United States Air Force general

Linell Letendre is a retired United States Air Force brigadier general. She most recently served as the dean of the faculty at the U.S. Air Force Academy from 2019 to 2025.

==Early life and education==
Letendre received a Bachelor of Science in astronautical engineering from the U.S. Air Force Academy in 1996 as a distinguished graduate. While at the academy, she served as the cadet wing commander, the highest-ranking cadet at the institution. In 2001, she received her Juris Doctor with high honors from the University of Washington School of Law. She was named to the Order of the Coif and the Order of the Barristers. In 2003, she graduated from Squadron Officer School as a distinguished graduate. In 2015, she graduated from the Dwight D. Eisenhower School for National Security and Resource Strategy as a distinguished graduate.

==Career==
Letendre briefly served as an acquisitions officer before being selected to attend law school and become a judge advocate. She served as the primary legal counsel for the Comprehensive Working Group, the committee which ultimately recommended the repeal of "Don't Ask, Don't Tell."

In 2015, Letendre was selected to lead the law department at the U.S. Air Force Academy, a Senate-confirmed position that includes a promotion to colonel.

In 2019, Letendre was selected from more than 40 applicants to replace Andrew Armacost as the Air Force Academy dean of the faculty. As dean, she commands 750 faculty and staff and directs more than $350 million in resources. Letendre's command is responsible for designing and instructing more than 500 courses in 32 disciplines to over 4,000 cadets each year.
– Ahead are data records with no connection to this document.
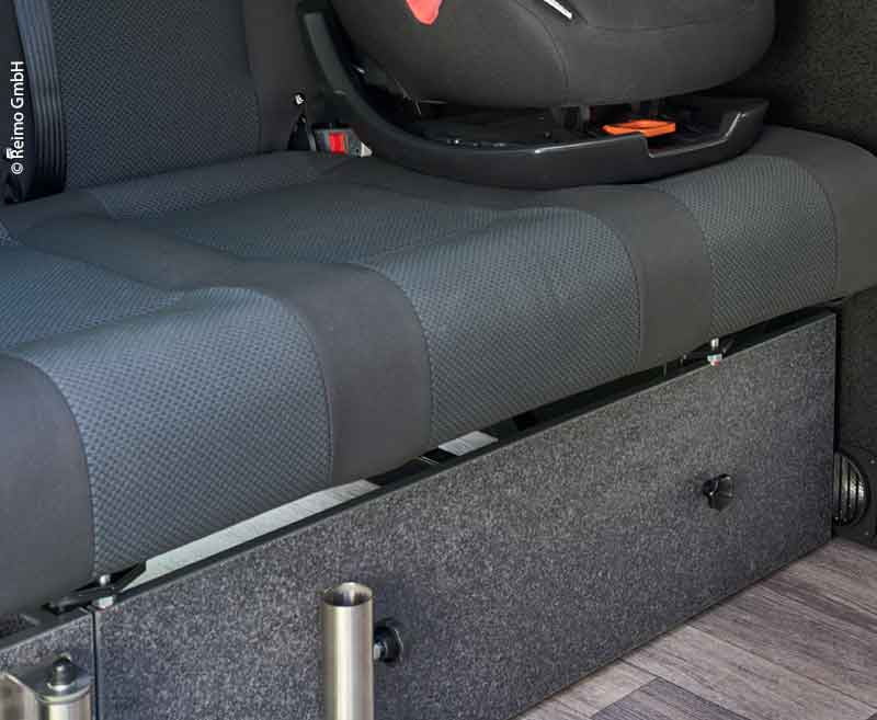 Sertar pentru capatul frontal al canapelei VW T6 / 5 V3100 dimensiunea 10 in stil Travel. Se poate indeparta pentru transportul
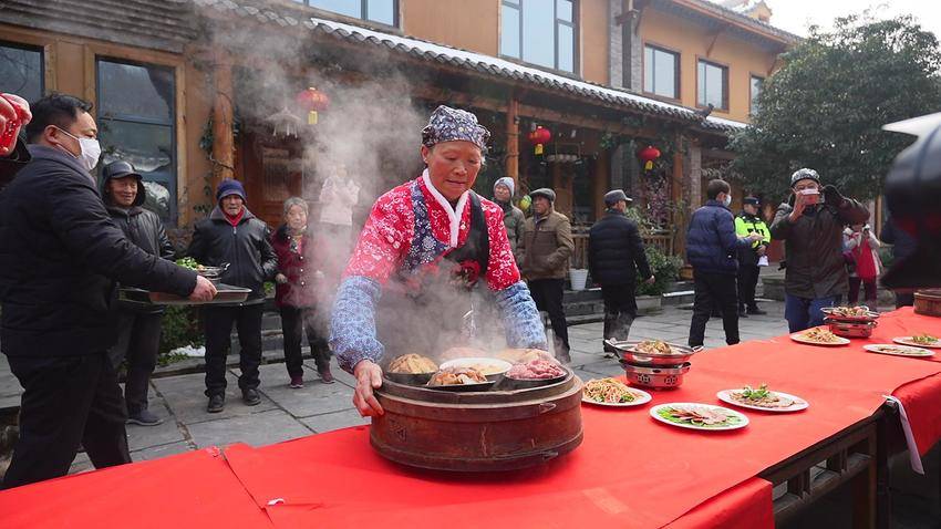 游客赵女士说:“年味很浓,菜的味道是在城市里什么大酒店都吃不到的,口味特别独特,下次还会再来。”
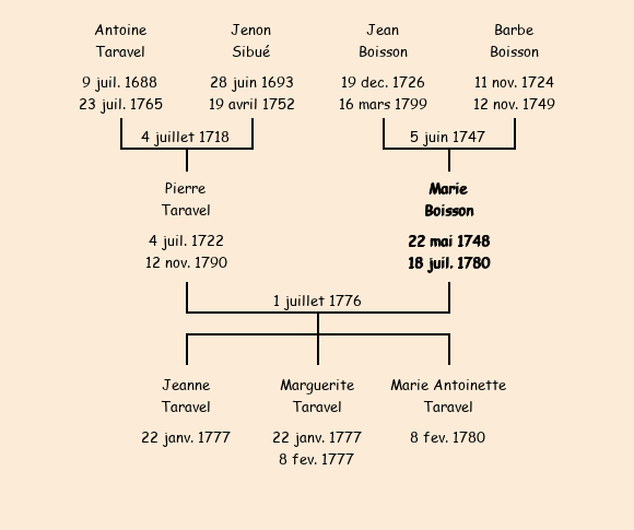 Mère : Barbe Boisson | Marraine : Marie Boisson (fille de Pierre, soeur du parrain) |
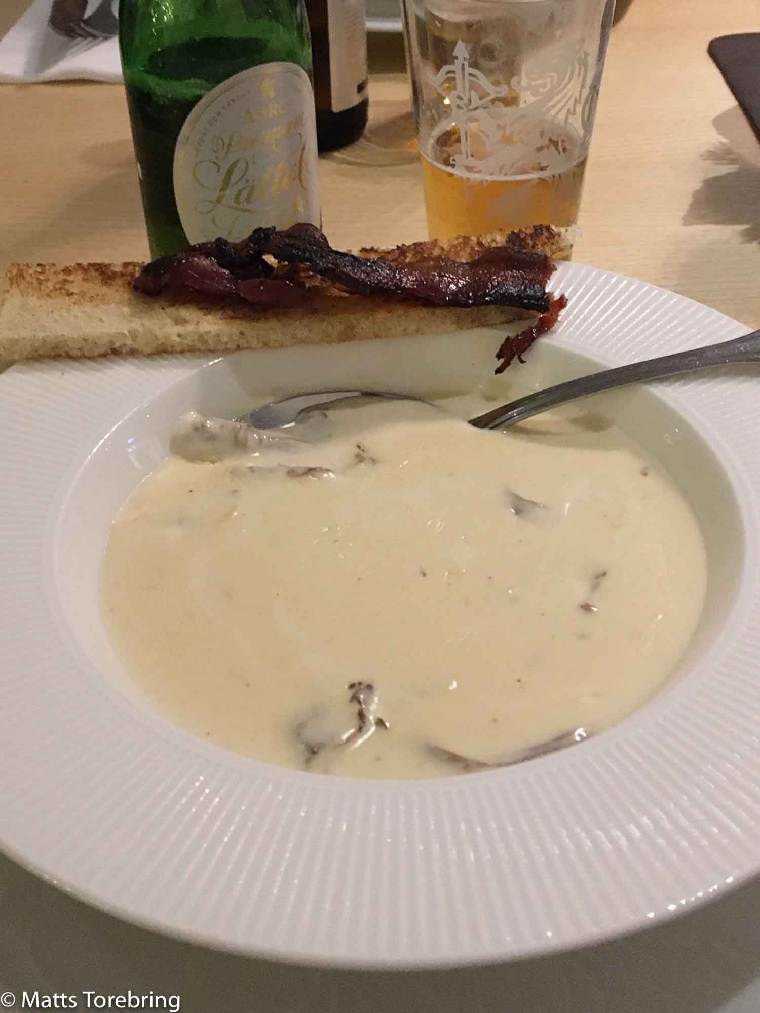 Behöver jag skriva att kantarellsoppan var god. Lite nytt med rostat bröd med bacon till. Före soppan hade vi dessutom avnjutit ett stort salladsbord.
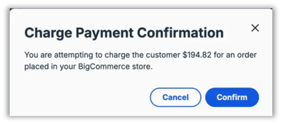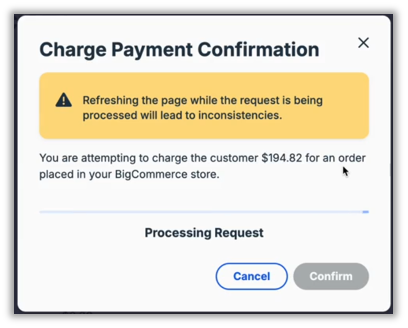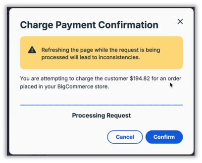 Select Confirm to initiate the charge to the customer in BigCommerce.
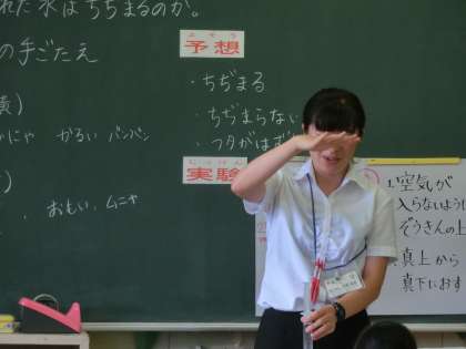 水は、空気と同じようにおし縮めることができるか、予想を立て、実験を通して明らかにしていきました。子供たちも集中して授業に取り組み、理科の楽しさを十分に味わった一時間になりました。
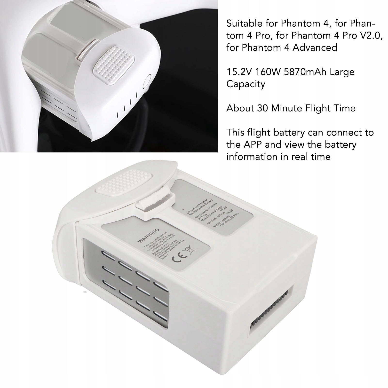 Функция: 1. Предназначен для Phantom 4: Эта интеллектуальная воздушная батарея подходит для Phantom 4, Phantom 4 Pro, Phantom 4 Pro v2.0, Phantom 4 Advanced.
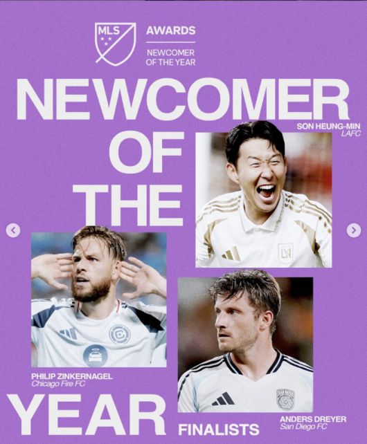 MLS 컵 플레이오프를 준비하는 손흥민에 축하할 소식이 전해졌다. MLS 2025 시즌 신인왕 후보로 선정된 것. MLS는 24일(한국시간) 공식 SNS를 통해 "이번 시즌 신인왕 후보는 손흥민, 필립 진커나겔, 앤더스 드라이어"라고 발표했다.
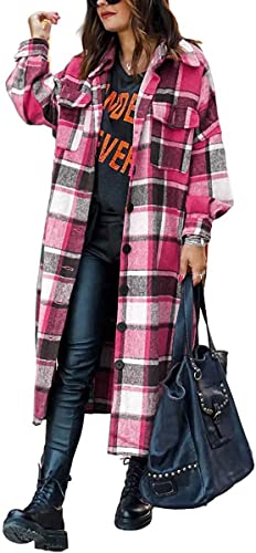 Asksa Rutig lång skjortjacka för kvinnor, blus, fickor, knappar, långärmad, stor storlek, kappa, jacka, skogsarbetare, jacka, mode, pojkvän, shacket, jackor, En rosenröd, XXL
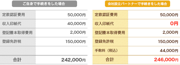 ※定款認証、収入印紙代、定款謄本取得費用、登録免許税は法定費用になります。
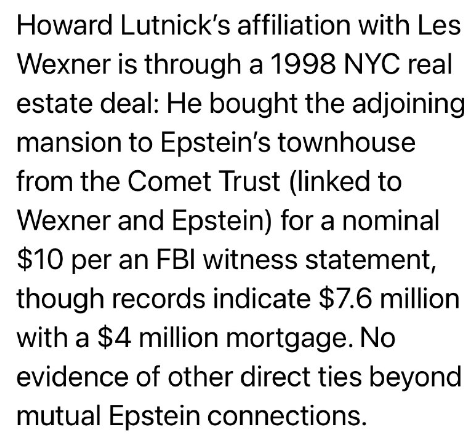 ハワード・ラトニックとレス・ウェクスナーの関係は、1998年のニューヨーク市での不動産取引によるものです。彼は、エプスタインのタウンハウスに隣接する邸宅を、ウェクスナーとエプスタインに関係のあるコメット・トラストから、FBIの証言によると名目価格10ドルで購入しました。記録によると、400万ドルの住宅ローンを含め、総額760万ドルでした。エプスタインとの相互関係以外に、直接的なつながりを示す証拠はありません。
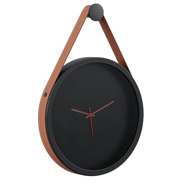 Relógio analógico, para parede, em alumínio com acabamento em pintura epóxi-pó. Possui visor em acrílico, ponteiros plásticos e alça com revestimento sintético PVC com detalhes em pespontos.
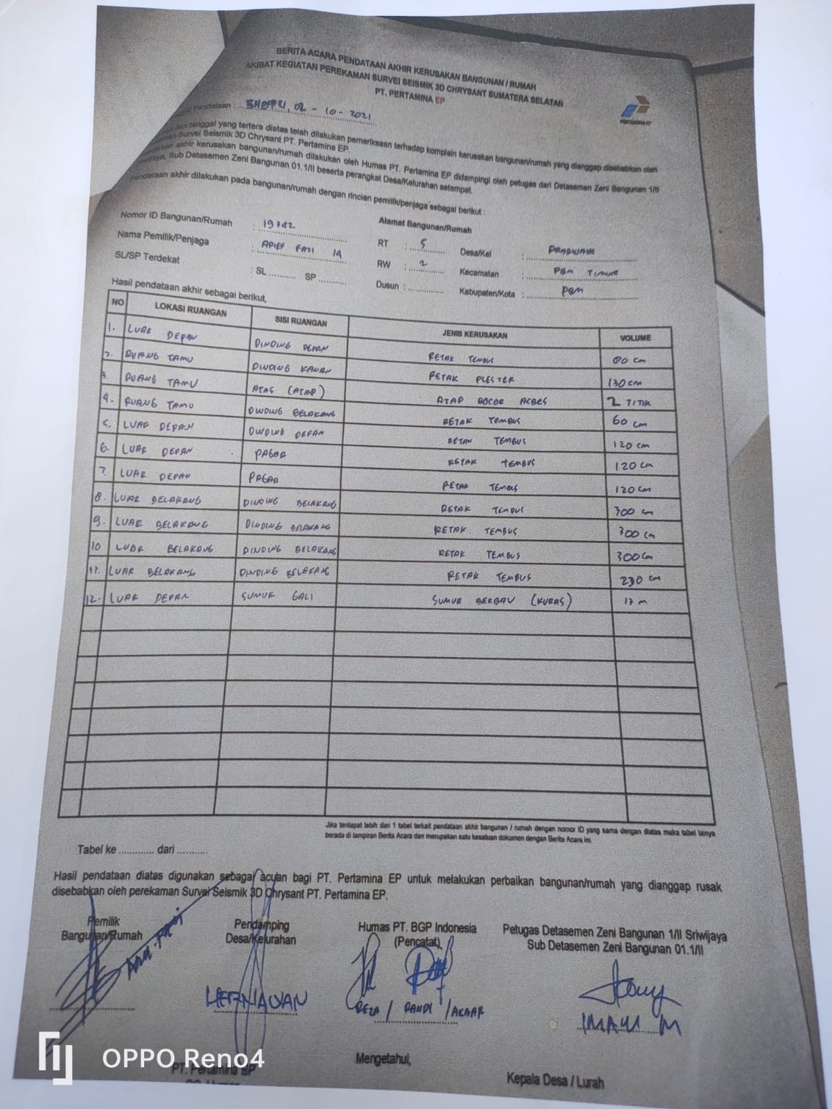 Masih kata dia, saya punya bukti bahwa rumah saya retak di karenakan peledakan sismik 3D, saya akan terus menuntut ,sampai tuntutan saya di kabulkan, saya berharap, dan saya menaruh harapan besar kepada negara ini, terkhusus Menteri BUMN dan pihak Pihak terkait baik PT Pertamina pusat, maupun PT Pertamina Zona 4 Kota Prabumulih Sumatera Selatan, agar permasalahan saya selesai dan saya tidak di rugikan, saya akan selalu berusaha untuk memperjuangkan hak hak saya sebagai warga negara,tutupnya.
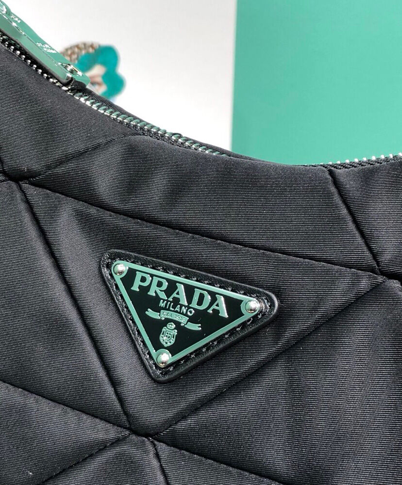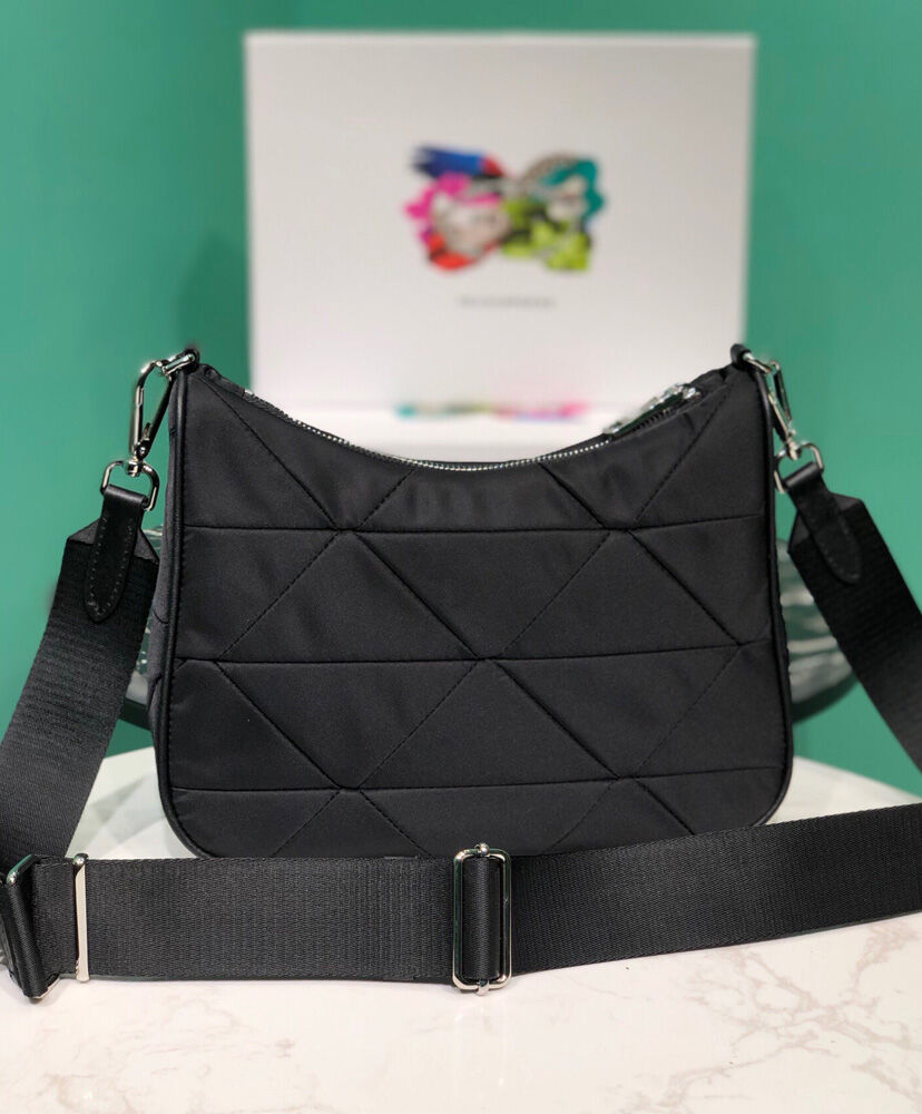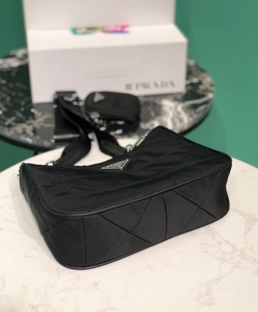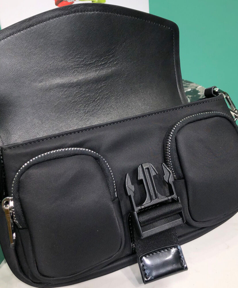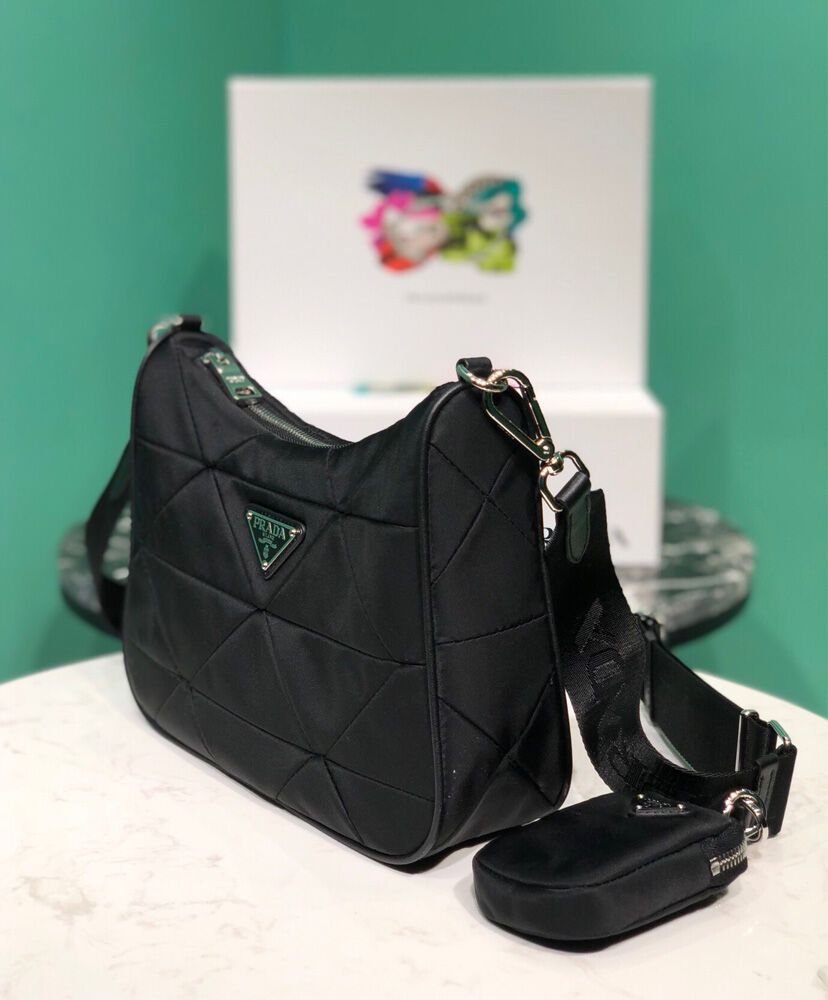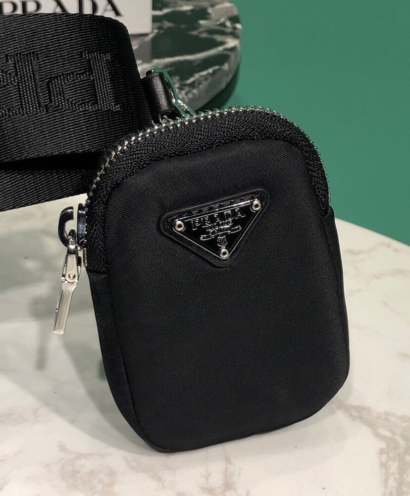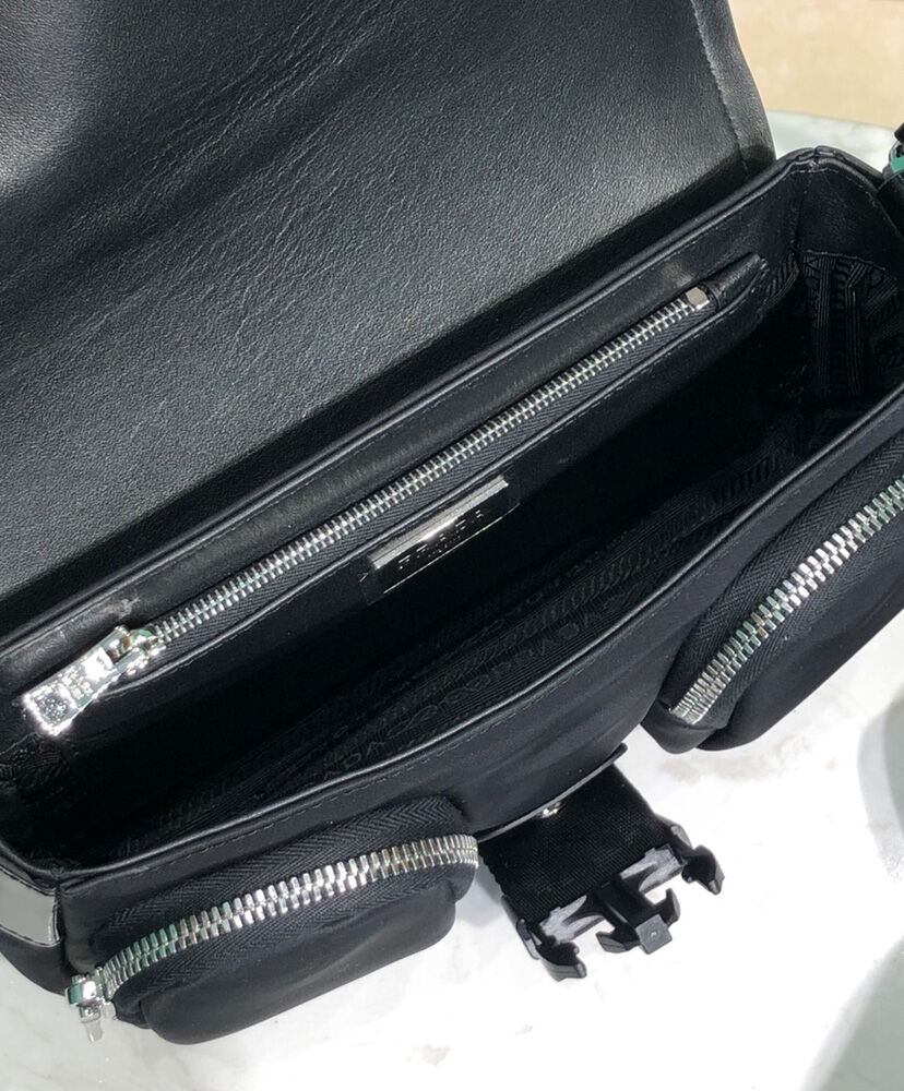 Prada Pocket Nylon And Brushed Leather Bag 1BA896 Black

==Effective dates of promotion==

Promotions
| Insignia | Rank | Date |
|---|---|---|
|  | Brigadier general | October 2, 2019 |
|  | Colonel | July 2, 2015 |
|  | Lieutenant colonel | March 1, 2011 |
|  | Major | April 1, 2007 |
|  | Captain | May 29, 2000 |
|  | First lieutenant | May 29, 1998 |
|  | Second lieutenant | May 29, 1996 |

==Assignments==
- 1. June 1996 – September 1998, project officer, Joint Air-to-Surface Program Office, Eglin Air Force Base, Fla.
- 2. September 1998 – August 2001, Funded Legal Education Program, University of Washington, Seattle
- 3. August 2001 – June 2003, chief of environmental law and general law, 375th Airlift Wing, Scott AFB, Ill.
- 4. June 2003 – June 2004, area defense counsel, Scott AFB, Ill.
- 5. June 2004 – June 2007, assistant professor of law, U.S. Air Force Academy, Colo.
- 6. July 2007 – July 2008, chief of Strategic Communication Branch, Office of the Judge Advocate General, the Pentagon, Arlington, Va.
- 7. July 2008 – November 2009, deputy chief, Military Personnel Branch, General Litigation Division of Air Force Legal Operations Agency, Arlington, Va.
- 8. November 2009 – February 2010, executive officer, Civil Law and Litigation Directorate, Air Force Legal Operations Agency, Arlington, Va.
- 9. February 2010 – December 2010, legal advisor, DoD Comprehensive Review Working Group, the Pentagon, Arlington, Va.
- 10. January 2011 – April 2011, air staff counsel, Administrative Law Division, Office of the Judge Advocate General, the Pentagon, Arlington, Va.
- 11. May 2011 – June 2012, deputy chief, Trial and Appellate Government Counsel Division, Air Force Legal Operations Agency, Joint Base Andrews, Md.
- 12. July 2012 – July 2014, staff judge advocate, 375th Air Mobility Wing, Scott AFB, Ill.
- 13. July 2014 – June 2015, student, Eisenhower School, National Defense University, Fort Lesley J. McNair, Washington, D.C.
- 14. July 2015 – October 2019, permanent professor and head, Department of Law, U.S. Air Force Academy, Colo.
- 15. July 2018 – October 2019, chair, Social Sciences Division, U.S. Air Force Academy, Colo.
- 16. October 2019 – May 2025, dean of the faculty, U.S. Air Force Academy, Colo.